UPDATED 08:15 EST / MARCH 30 2022

CLOUD

DevOps startup Garden.io raises $16M to improve cloud software delivery cycles

Kubernetes tooling startup Garden Germany GmbH, which does business as Garden.io, said today it has raised $16 million in a new round of funding aimed at helping it fulfill its mission of improving developer productivity.

Today’s Series A round was co-led by 468 Capital and Sorenson Ventures and included participation from existing backers Crowberry Capital, Fly Ventures and others.

Garden.io has developed what it calls a “graph-based framework” for developers that enables them to deliver Kubernetes software to the cloud faster than they can do otherwise. It does this by automating builds, deployments and tests for each stage of the software delivery cycle. It means developers have more time to work on the issues that will have a bigger impact on their businesses.

For now, Garden.io said, it’s primarily focused on Kubernetes containers, which are used to host the components of modern applications. However, its platform also caters to cloud infrastructure via Terraform and Pulumi integrations.

Its platform provides a “batteries-included” framework for DevOps automation, with realistic remote development environments on demand. That means developers can rapidly iterate while coding, running tests efficiently from any location, the company said.

In an interview with SiliconANGLE, Garden.io founder and Chief Executive Jon Edvald (pictured) said the company’s platform is most useful for developers in the first half of the software delivery cycle.

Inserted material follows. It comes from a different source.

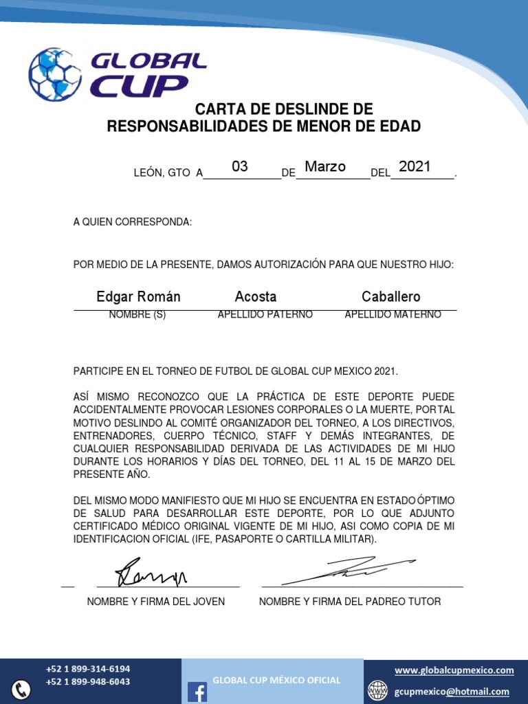 POR MEDIO DE LA PRESENTE, DAMOS AUTORIZACIÓN PARA QUE NUESTRO HIJO: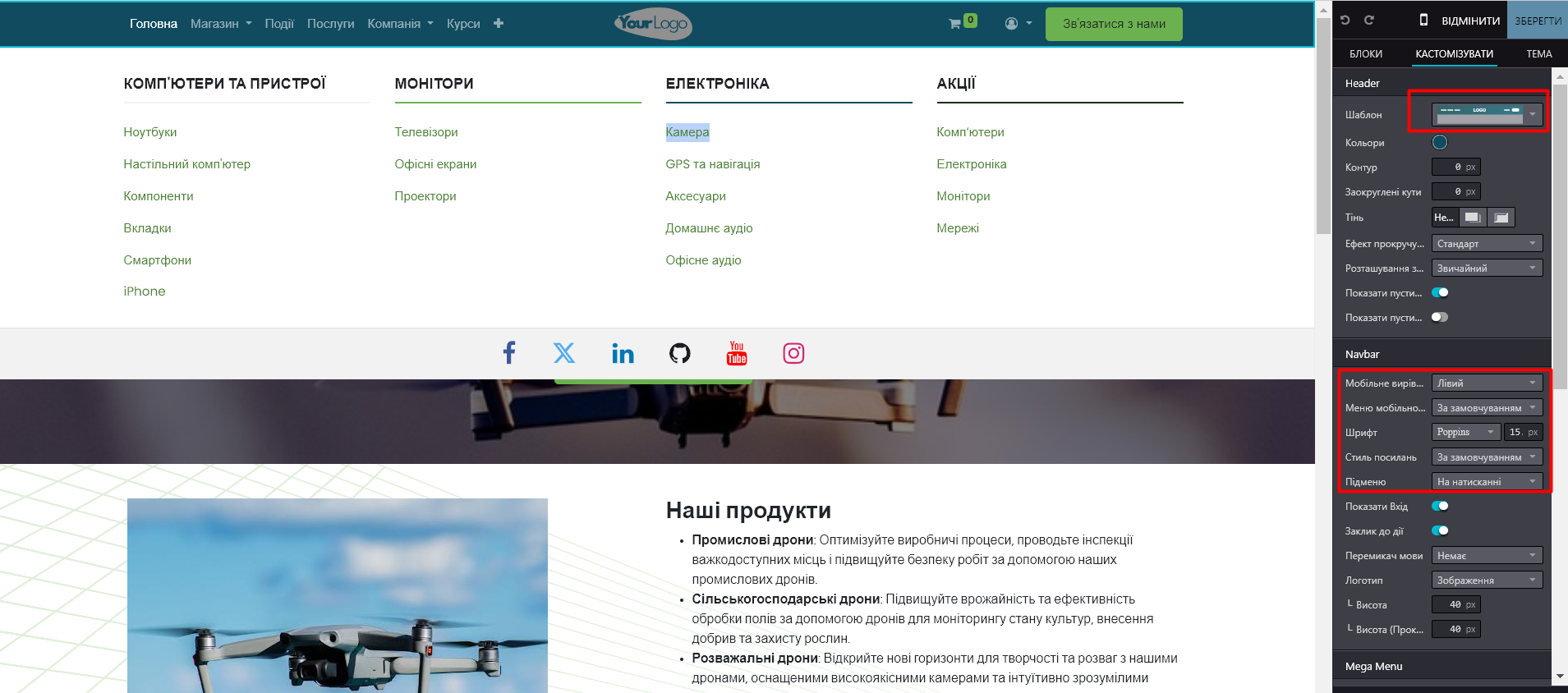Щоб змінити загальний макет мега-меню, можна вибрати відповідний шаблон, колір, розмір, шрифт і т.д. у вікні редактора веб-сайту.

It helps developers to reduce the time and effort they spend on building and maintaining custom, in-house tooling, setting up and debugging development and testing environments, and waiting for and debugging continuous integration and deployment or CI/CD pipelines.

“Garden.io can consistently build whole systems and spin up production-like environments from scratch, allowing developers to quickly see results as they work, to preview changes for their team, and run automated tests, all in one setup,” Edvald said. “It is unique in that it works the same way from developers’ laptops and in CI/CD automation, and accelerates both. This is powered by the stack graph, which can describe how an entire system is built, deployed and tested, from source to finish.”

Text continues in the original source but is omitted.